Far-right Prime Minister Giorgia Meloni's ministers are meeting late Tuesday to agree on the broad outlines of a 2025 budget which, because of Italy's membership of the EU single currency, must then be sent to Brussels.
As last year, they are seeking to balance electoral promises with the need to reduce deficit and avoid adding to Italy's huge debt pile.
The budget contains measures worth around 25 billion euros, of which banks are expected to contribute "three to four billion euros", deputy prime minister and foreign minister Antonio Tajani said.
But he insisted there would be "no new taxes" on the institutions, after the announcement last year of a 40 percent tax on bank "superprofits" made from the rise in interest rates sparked a backlash on the financial markets.
Tajani, leader of the right-wing Forza Italia party, described the tax -- which was swiftly watered down -- as a Soviet-style levy.

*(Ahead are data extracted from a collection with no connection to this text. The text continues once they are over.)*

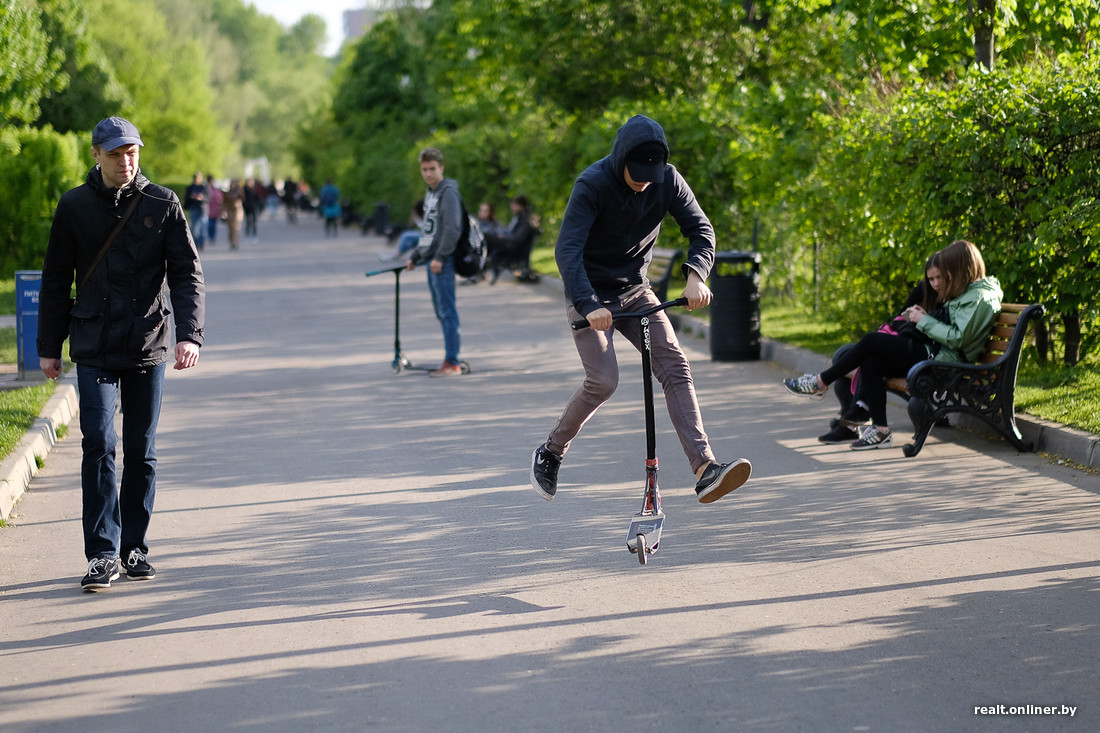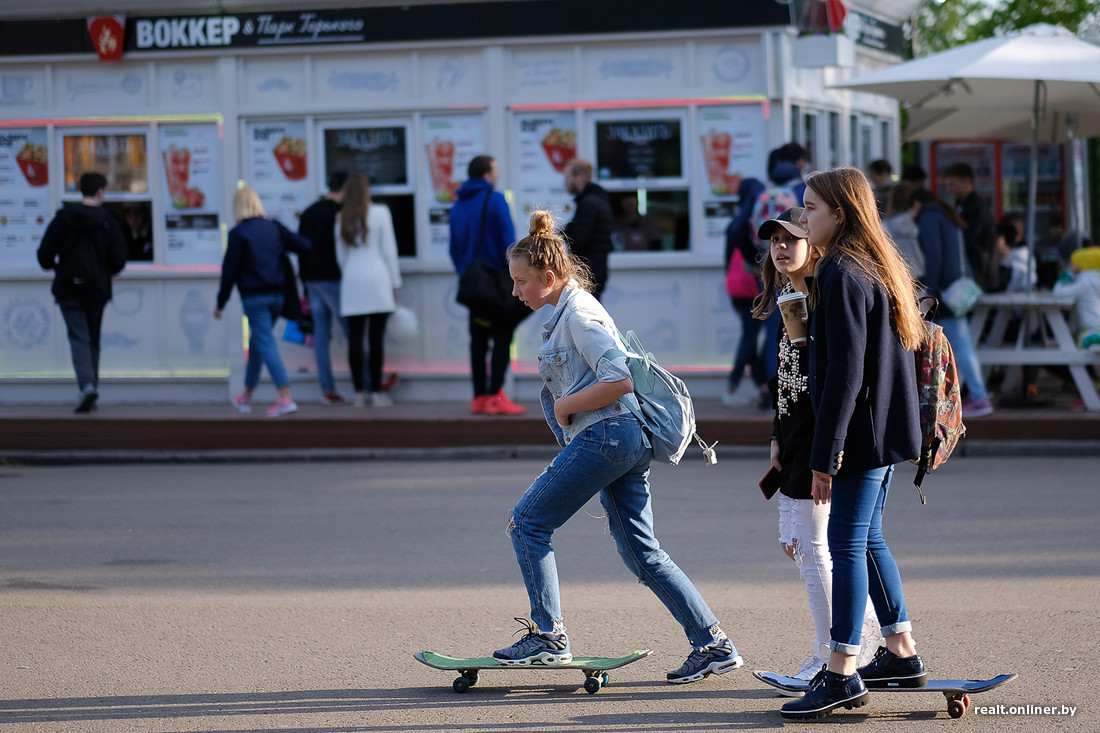 Несмотря на обилие гуляющего народа, в парке не тесно. Спортплощадок всем хватает, еда продается буквально на каждом шагу. Вариантов, куда пойти и чем заняться, масса. Иная ситуация в минских парках: возле аттракционов и на центральной аллее шум-гам, столпотворение, а стоит отойти в сторону на 100 метров, как ни лавочек, ни урн, жизнь замирает.
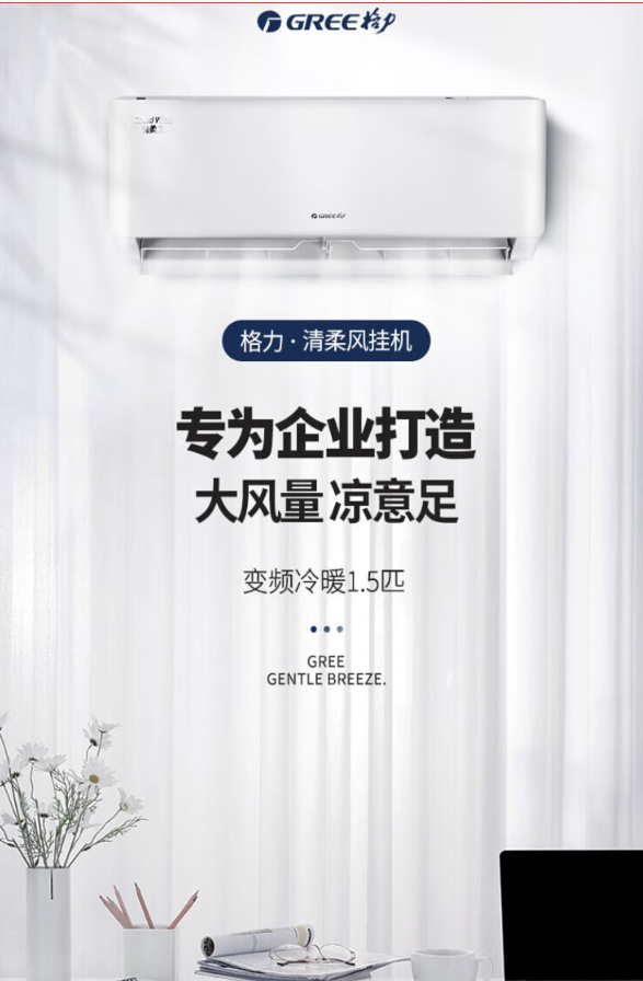 格力/GREE KFR-35GW/(35563)FNhAa-B2JY01 清柔风变频冷暖正1.5匹2级能效挂机空调 皓雪白
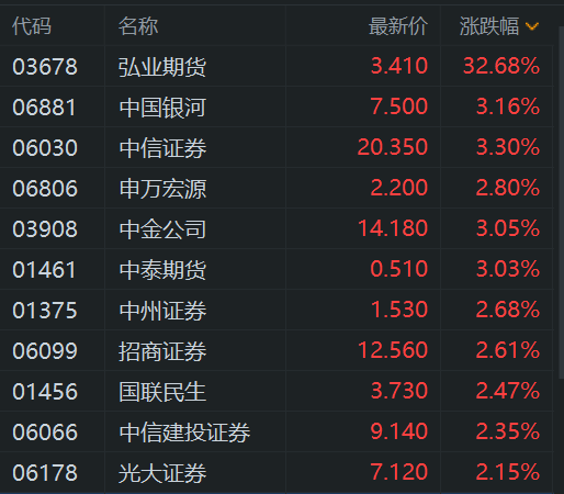市场迎重磅利好消息,大金融股全线走强,中资券商股集体上涨,尤其是弘业期货飙涨33%领衔,中国银河、中信证券、中金公司等权重均涨超3%。
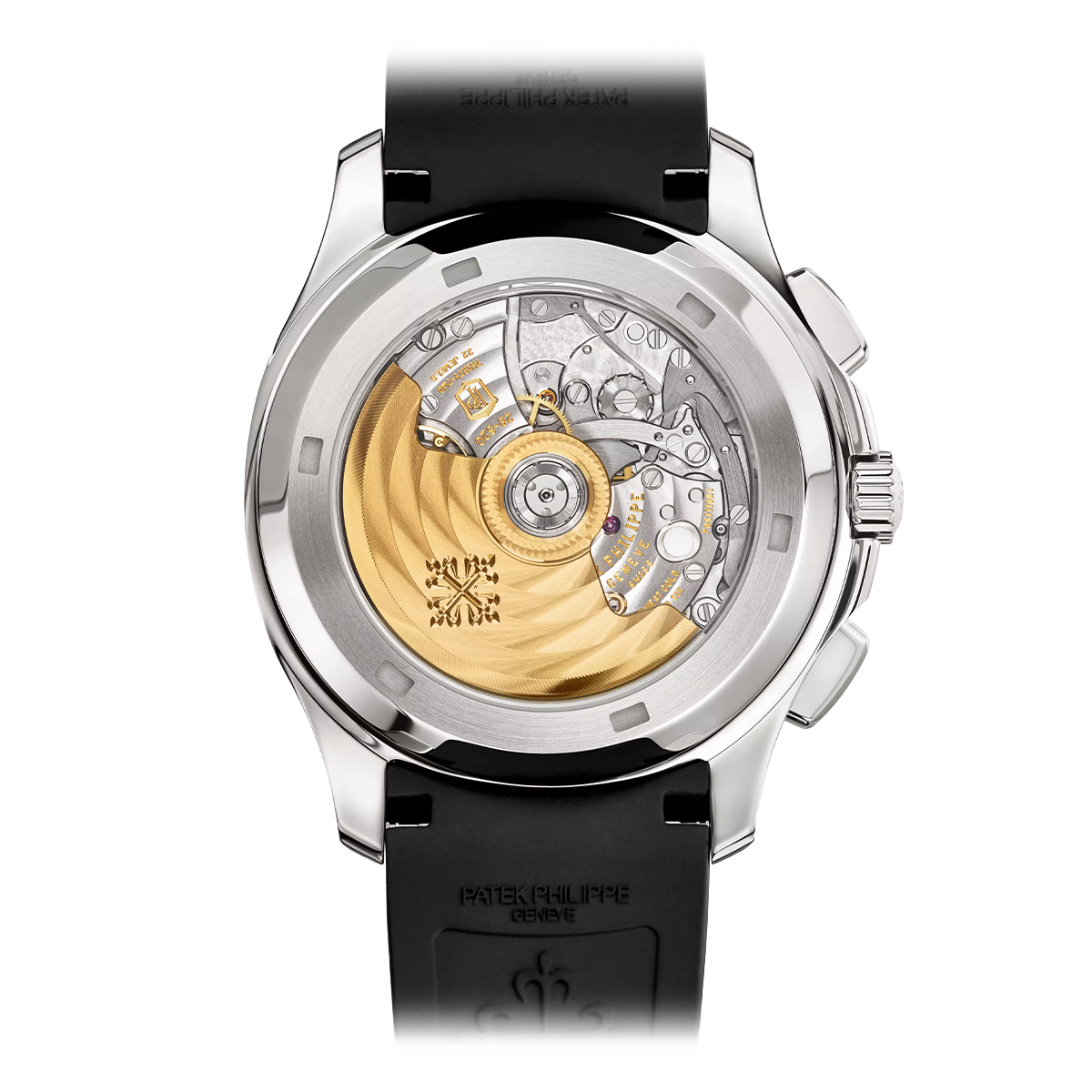 Dial: Sunburst charcoal gray with black-gradient rim, embossed Aquanaut pattern, white gold applied numerals with white luminescent coating. White gold baton-style hands with white luminescent coating.
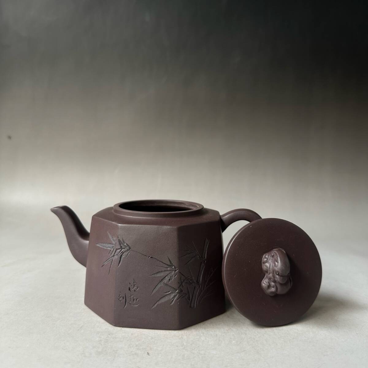 【超珍館蔵】紫砂壺 八方載福壺 金鼎商標款 紫砂 茶具 茶道品 置物 賞物 古賞物 古董品 古美術品 時代物 旧家蔵出 稀少珍蔵品
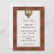Clan MacAlister Wappen Abzeichen umgeben von einem Gurt und Schnalle über Tartan Hintergrund. Benutzerdefinierter Text auf beiden Seiten.
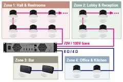 The newly developed Double Power Mode function effectively doubles the output power of selected channels in order to drive speakers with higher output power. This means that speakers with varying output capacities can be powered simultaneously by the same amplifier, adding flexibility to system design and configuration.*The number of channels that can be used will be reduced to half
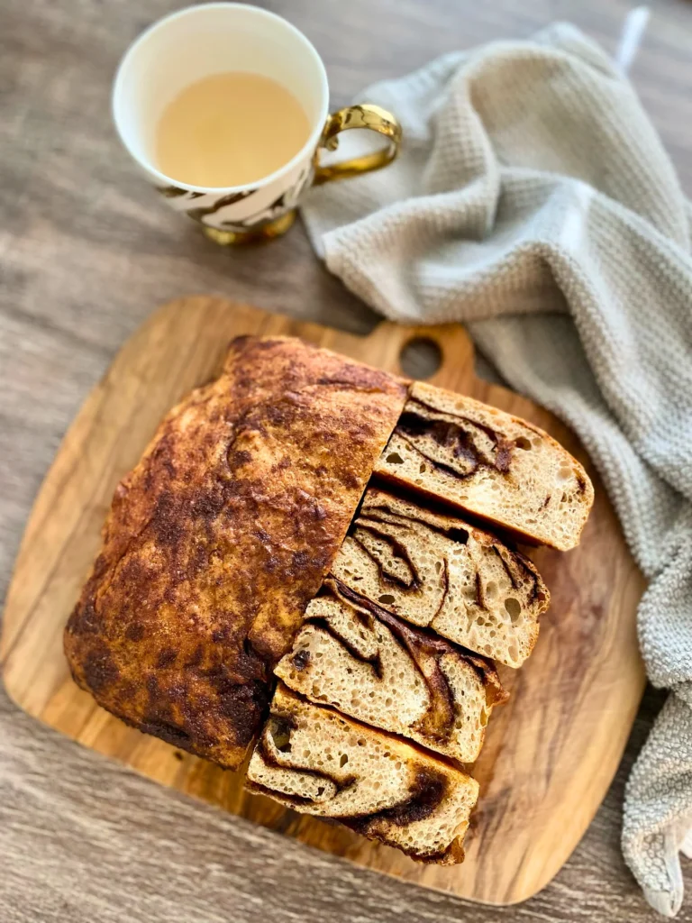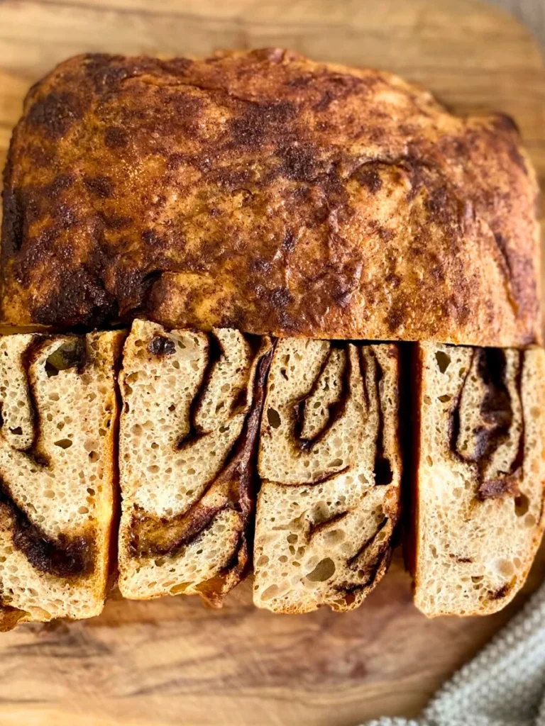 This bread is the kind of treat you bake once and instantly add to your repeat list. The dough itself is soft and slightly chewy thanks to the hydration from sourdough fermentation, but the cinnamon sugar filling makes it taste like a pastry. It’s not too sweet—just perfectly balanced so you can enjoy it in the morning with coffee or as a dessert with a drizzle of glaze.

But joint deputy prime minister Matteo Salvini, from the far-right League, has said that if anyone has to pay more, "let the bankers pay and not the workers".
A government source told AFP late Monday that "there will not be an increase in taxes for individuals and businesses".
But in place of the windfall tax, the government is considering spreading out tax credits to which banks are entitled over time and increasing taxes on their executives' stock options.
Economy Minister Giancarlo Giorgetti had thrown a spanner the works in early October by announcing that the budget "will require sacrifices from everyone", from "citizens and small, medium and large companies".
After a brief reaction on the Milan Stock Exchange, Meloni said there was no desire to increase taxes and promising that "no new sacrifices" would be asked of Italians.
But Italy -- blacklisted by the European Union for its "excessive" deficits, just like France -- is under intense pressure to balance its books and reduce a debt close to three trillion euros.
The government has committed to reducing the public deficit to 2.8 percent of gross domestic product (GDP) by 2026, well below the 3 percent eurozone ceiling.
To curb spending, Rome is urging individual ministries to tighten their belts, to free up around three billion euros in savings.
Ministers are expected to allocate around 15 billion euros to maintain a cut in taxes and social security contributions for those on low incomes, an election issue dear to Meloni.